Members of the Lost Lake Association in Henrico County are worried that their neighborhood pond is living up to its name a little too well.
Lost Lake, officially known as Bryant Pond, is getting shallower, the association charges in a lawsuit. The lower depth makes the water more hospitable to “foul smelling algae blooms” and less welcoming to human swimmers and boaters.
The association alleges that Wilton Development Corp., which constructed the Raleigh subdivision north of Lost Lake off River Road in Henrico, provides the sediment that’s building up on the bottom of the lake. The association wants Wilton to pay for the cleanup. Wilton did not return phone calls seeking comment by press time.

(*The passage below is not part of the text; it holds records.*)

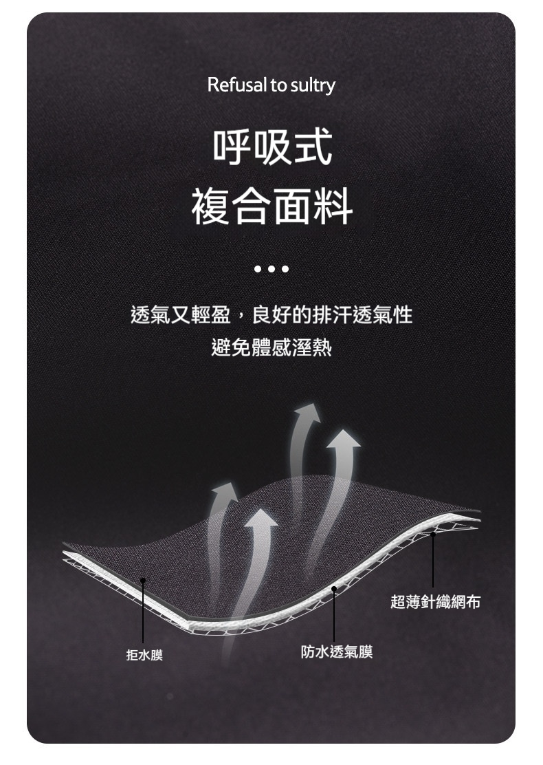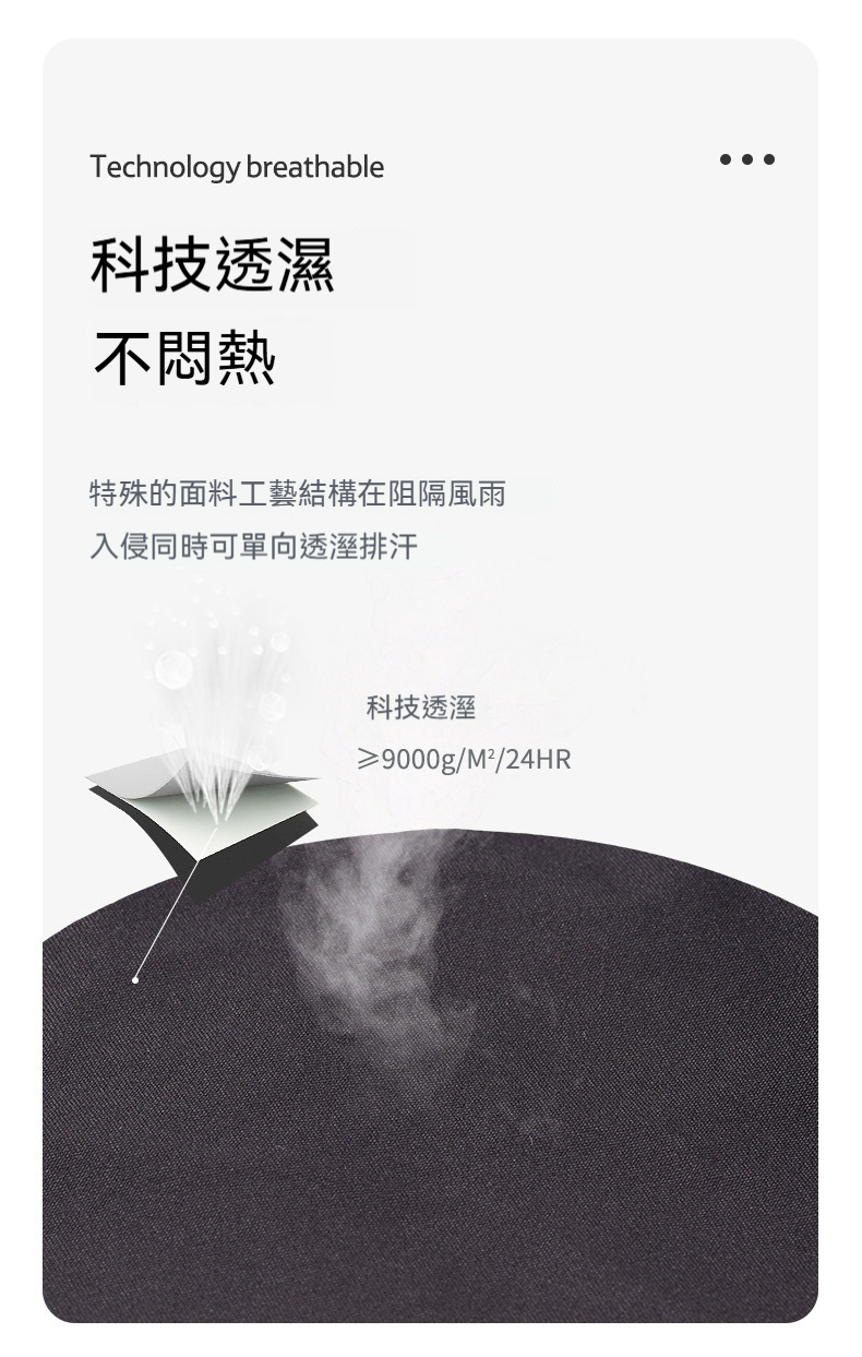 • 高透氣性,透濕量 ≥9000g/M²/24HR
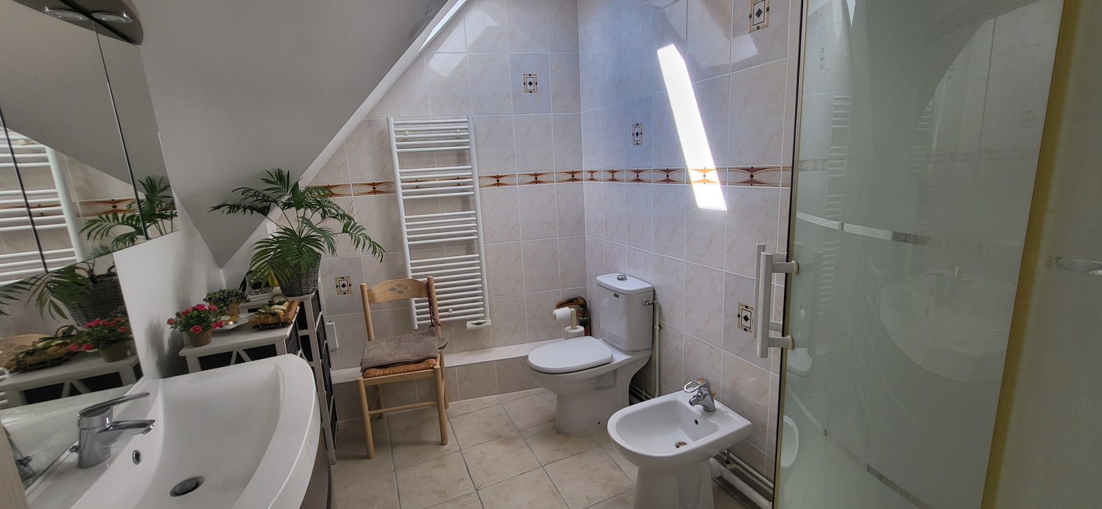 Au 2è étage vous trouverez 2 autres chambres mansardées de belle taille également, avec rangements, et une salle de bains.
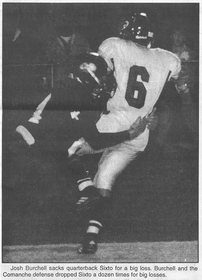 Beaver quarterback, B.J. Sixto, who leads the area in the passing department with 101 completions was sacked 11 times and had to contend with one or more Comanches in his backfield most of the night.
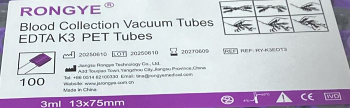 RONGYEⓇ Tubes EDTA K3 PET Tubes
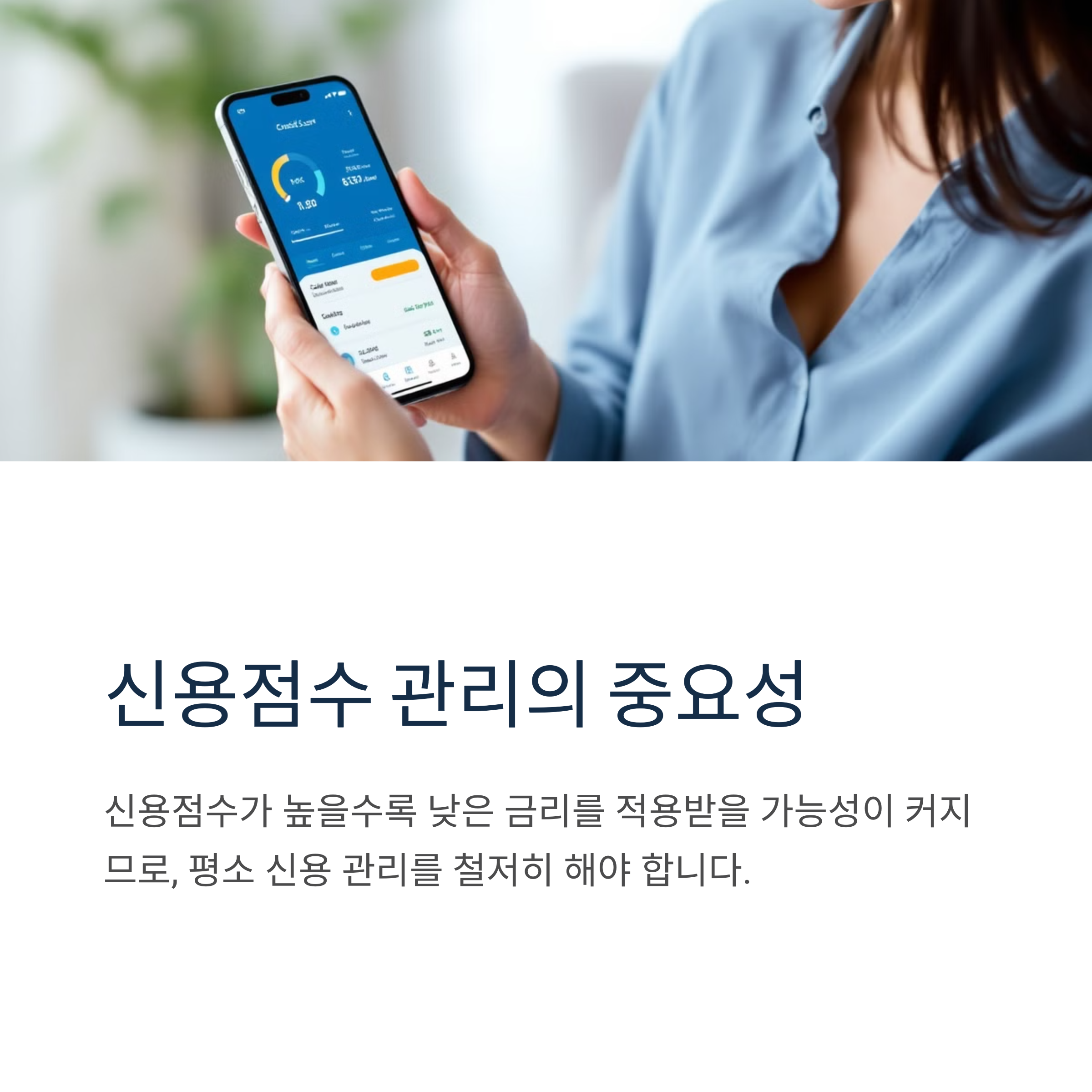 신용점수가 높을수록 낮은 금리를 적용받을 가능성이 커지므로, 평소 신용 관리를 철저히 해야 합니다.
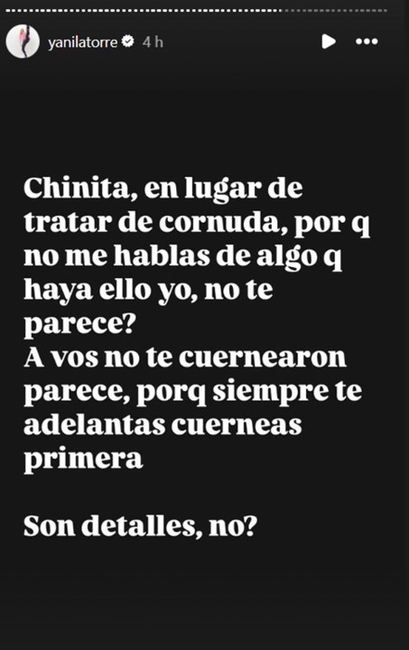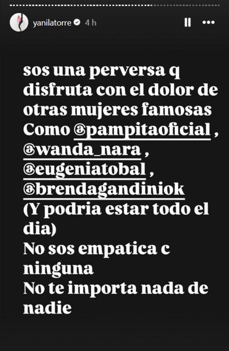 En sus historias de Instagram, Yanina Latorre señaló que China Suárez es «una perversa» que «disfruta del dolor de otras mujeres famosas». Y la panelista enumeró: «como Pampita, Wanda Nara, Eugenia Tobal y Brenda Gandini«, mencionando a cada una de ellas.
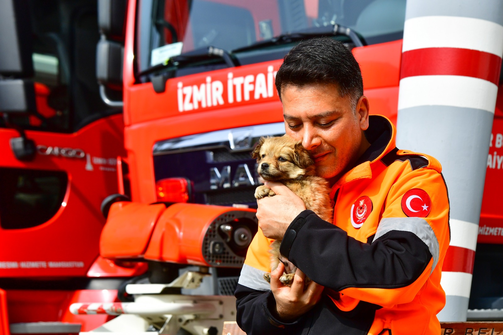 İzmir Büyükşehir Belediyesi, depremin vurduğu kentlerde yaraları sarmaya devam ederken yıkılan şehirlerde sahipsiz kalan canlara da sahip çıkıyor. İzmir Büyükşehir Belediyesi İtfaiye Dairesi Başkanlığı’nda görevli itfaiye eri Serdar Bıçakçı ile eşi Cansu Bıçakçı da deprem bolgesinden gelen bir köpeğe evinin kapılarını açtı. İzmir’de 2020 yılında meydana gelen depremden etkilenen Bıçakçı çifti, Gaziantep’te enkazdan kurtarılan 2 buçuk aylık köpeği sahiplendi. Minik yavruya, Ateş adı verildi.
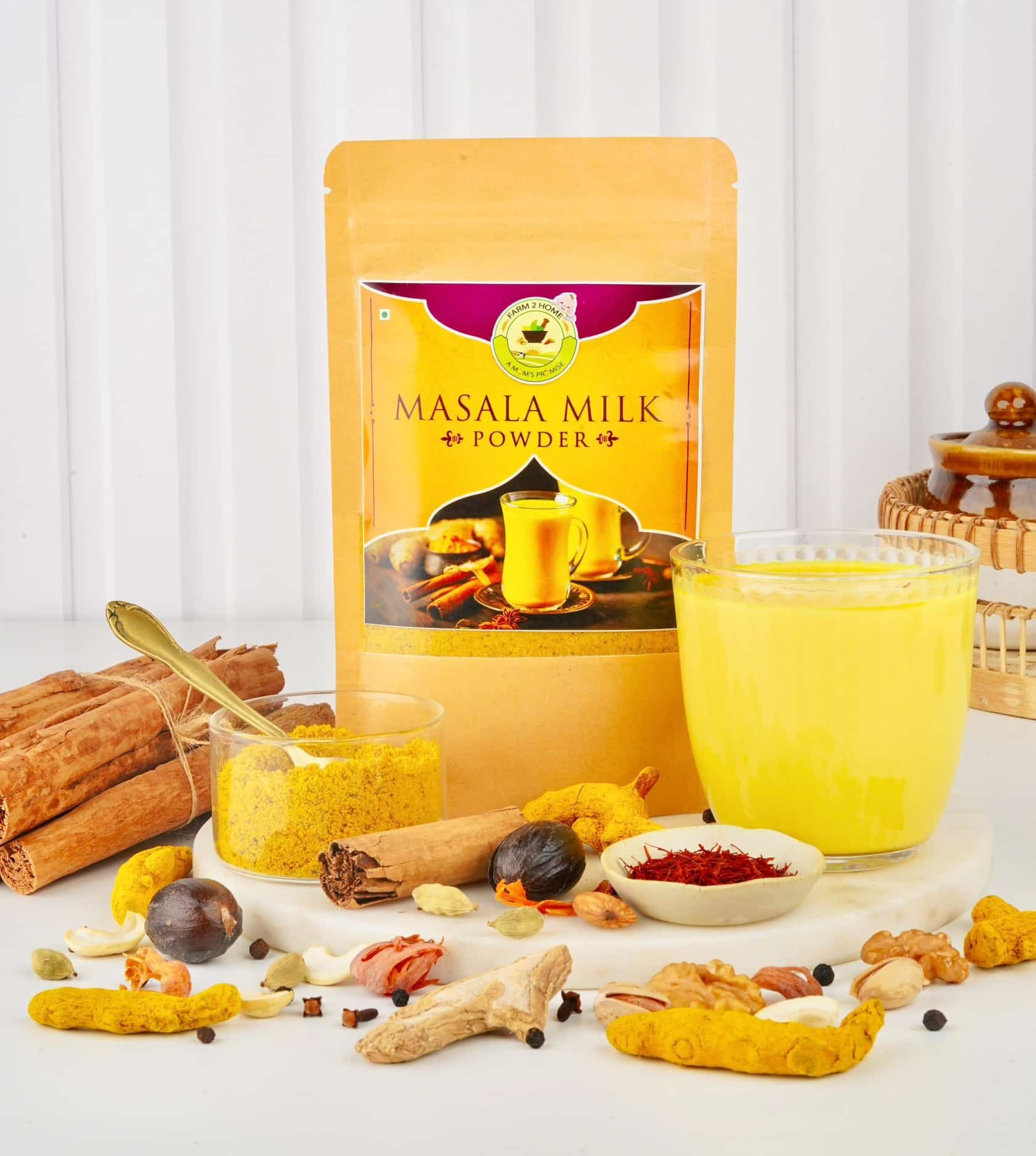 ✅Masala milk consists of almonds, cashews, walnuts, pistachios, turmeric, pepper, dry ginger, nutmeg, cinnamon, cloves, cardamom, and saffron strands.
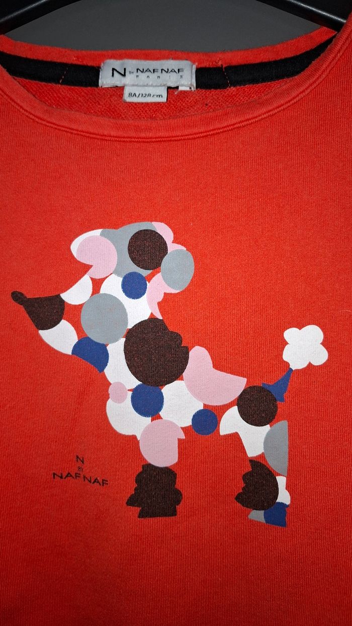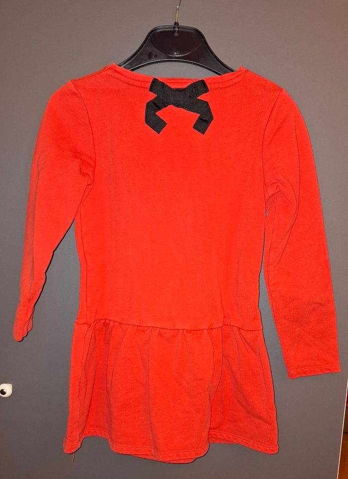 Tunique chaude en TBE Joli détail noeud à l'arrière du cou Motif chien en TBE Taille 8ans Couleur orange corail
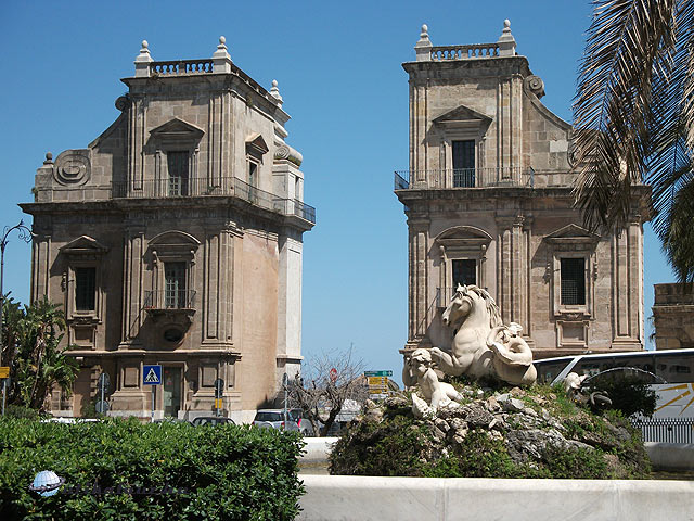 Az alábbi két kép stílszerűen két nevezetes városkaput ábrázol, melyek a város, pontosabban az óvárost kelet-nyugati irányban kettészelő, kb. 2 km-es főútvonal végein találhatók. A Királyi Palotával egybeépített Porta Nuova biztos azért szebb, mert egy német-római császár tiszteletére emelték 1535-ben. A Porta Felice, a XVI. században elkészült főutca tenger felőli kapuját jelezte, ahol ma egy vonzó tengerparti zöldterület található.
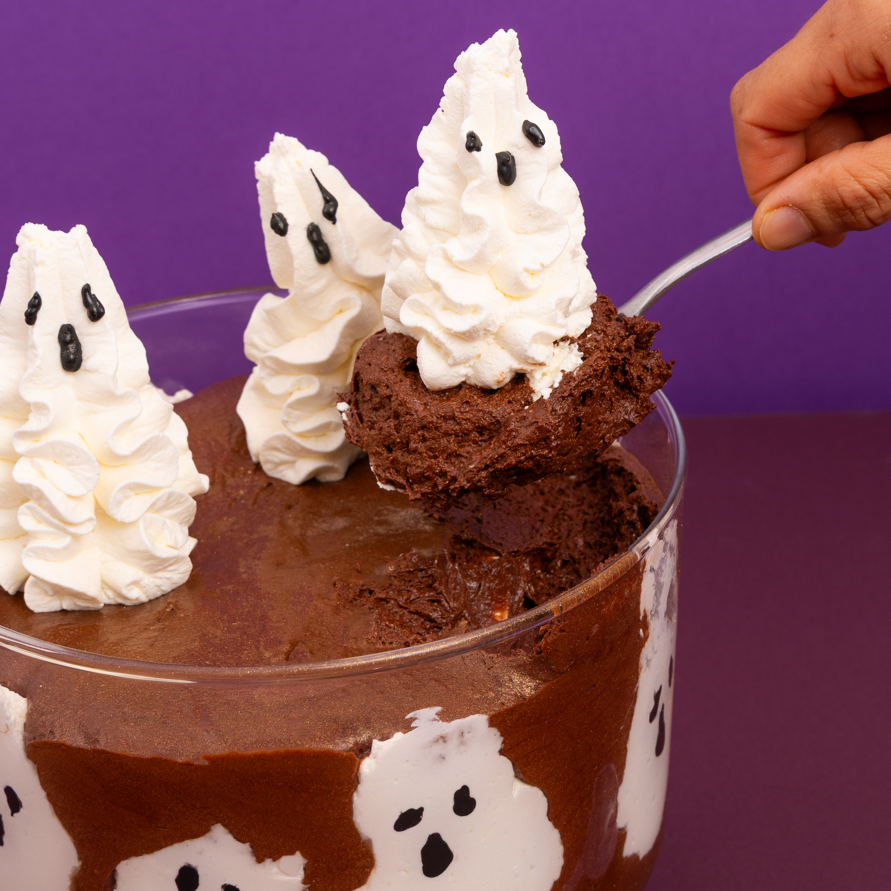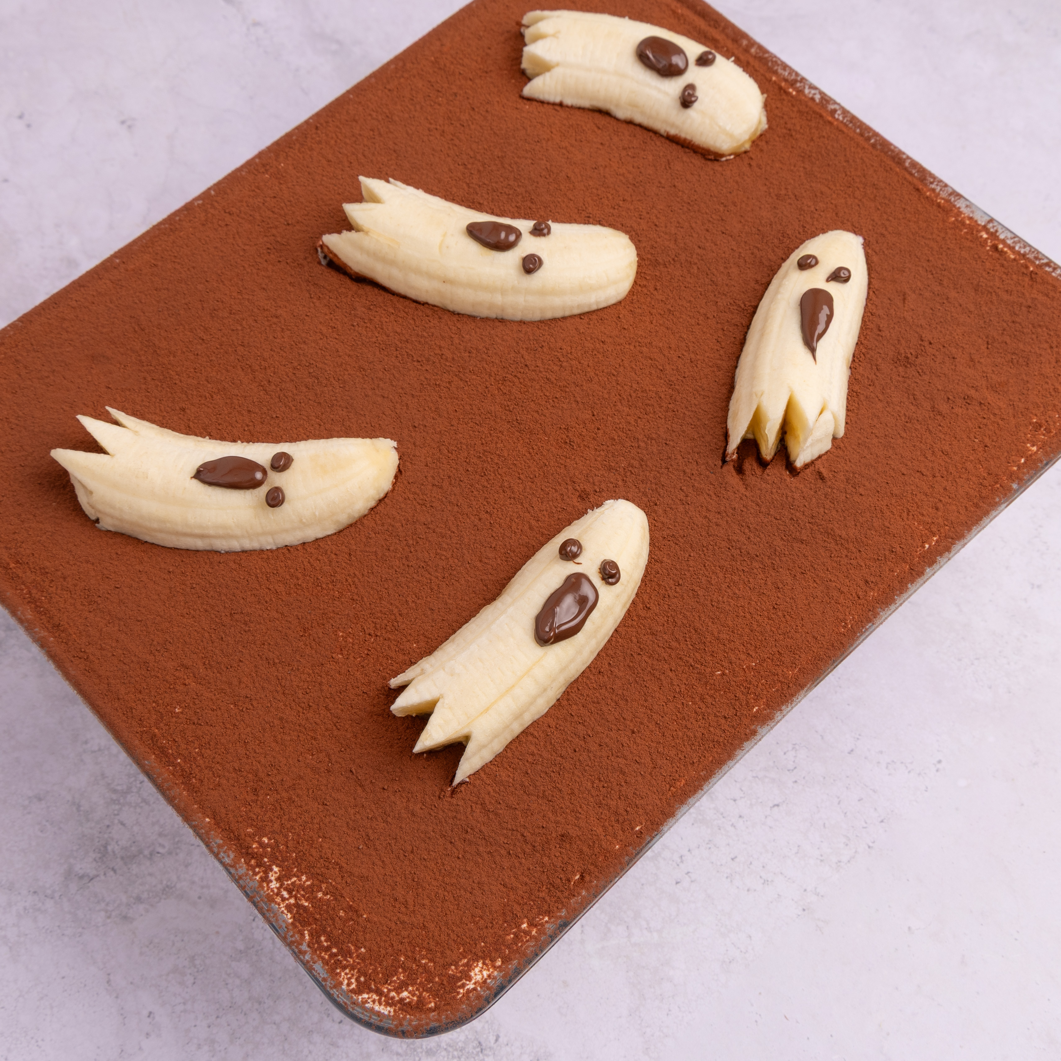Les fantômes ont trouvé un nouveau terrain de jeu… le vôtre ! Sous la poudre de cacao, les bananes se transforment en petits esprits curieux, flottant au-dessus d’un lit de caramel et de chantilly. Un dessert tout en douceur, mais attention : une seule bouchée et vous serez hanté par l’envie d’y retourner.

This inconvenience to the homeowners represents the latest chapter in the lake’s recent difficulties.
“They called it Lost Lake even before it got lost,” says Geoff Smith, a senior water resources engineer with Williamsburg Environmental Group who does consulting work for the homeowners’ association.
“During Hurricane Isabel the dam at the north end of the lake got clogged with debris and it failed,” Smith says. “Failed” is dam-talk for “broke”; in this case the dam released several million gallons of water that gushed into a creek underneath Parham Road.
Smith won’t comment on the lawsuit specifically, but says the roofs, roads and driveways in a new development generally create surfaces that don’t absorb water as readily as undeveloped earth. This increases the amount of water that runs off and adds elements such as motor oil and tire rubber that eventually gets deposited in, say, the bottom of a nearby pond.
The suit estimates that cleanup will cost a minimum of $75,000, plus $40 to $80 for every cubic yard of material removed from the bottom of the disappearing lake.